# fallen comb



## bamajenk (Apr 24, 2014)

This is my 1st year of my top bar hive. The bees came from a local swarm. The bees are doing great, the hive is expanding. The combs have been filling with pollen and honey, and I've got tons of new breed cells. My goal with this hive was to get an introduction, provide extra pollination to my property, and not worry too much about honey this year.

There's been a lot of cross combing, which I'm not too worried about (If they want to live that way, that good too.) But, we've had hotter than normal weather and last week I saw that 6-8 combs fell off the bars! They are laying side by side. The bees don't seem to mind...it actually looks like they are expanding their operations!

I've tried a couple things to re-attach the combs to the bars (string, no. tying up a comb between a top & bottom bar, worked somewhat.) I bought some plastic hair clip/grippers today, but the bees look even more happy on the downed comb, so I didn't upset the apple cart.

Any advice? I hate to overly disturb the bees, and they seem happy. Would it be easier to rework the hive over the winter when they are less active? Should I rework the bees into a Langstroth? Should I just let them bee?


----------



## Rader Sidetrack (Nov 30, 2011)

Welcome to Beesource!

Leaving the comb on the bottom of the hive may work for the _bees_, but it will make _your _future hive work more difficult.

Here is one neat idea for dealing with loose comb:










from this thread: http://www.beesource.com/forums/showthread.php?267360-Using-hairclips


----------



## ruthiesbees (Aug 27, 2013)

I tried Rader's trick. I found that unless the comb was butted up against the top bar that the bees were not too interested in it. It ended up being taken over by small hive beetles. I have had some success with masking tape and combs as long as it is not heavy honey comb. You really should take care of the comb now so that come spring they are ready to go to work (even if that means removing it from the hive).

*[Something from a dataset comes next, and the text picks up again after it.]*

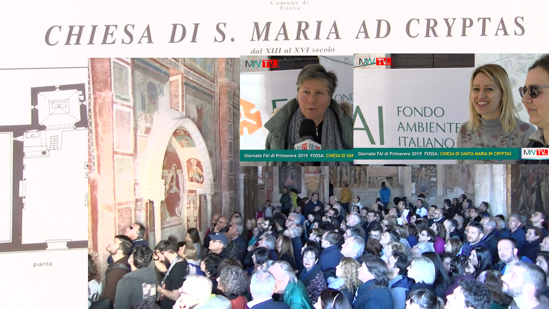 FOSSA : File lunghissime e tempi di attesa che non hanno scoraggiato le centinaia di persone impazienti di visitare i luoghi eccezionalmente aperti al pubblico grazie alle Giornate FAI di primavera. Fra i luoghi aperti quello della chiesa di Santa Maria ad Cryptas Dopo un lungo intervento di restauro strutturale e conservativo, conseguente all’evento sismico del 2009, ha nuovamente riaperto i battenti offrendo al godimento pubblico una rara testimonianza di pittura parietale abruzzese di età medievale incredibilmente sopravvissuta.

My bigger question is Why are that many combs falling off the top bars? What type of design do you have? It might be that something else needs to change before spring time. My bars have a piece of wood that is nailed into the top bar for the bees to build from. Many different designs, some sturdier than others.


----------



## Rader Sidetrack (Nov 30, 2011)

Ruthie has a good point. The photo is not particularly clear, but I suspect that the shadow visible under the top bar is a triangular wooden comb guide.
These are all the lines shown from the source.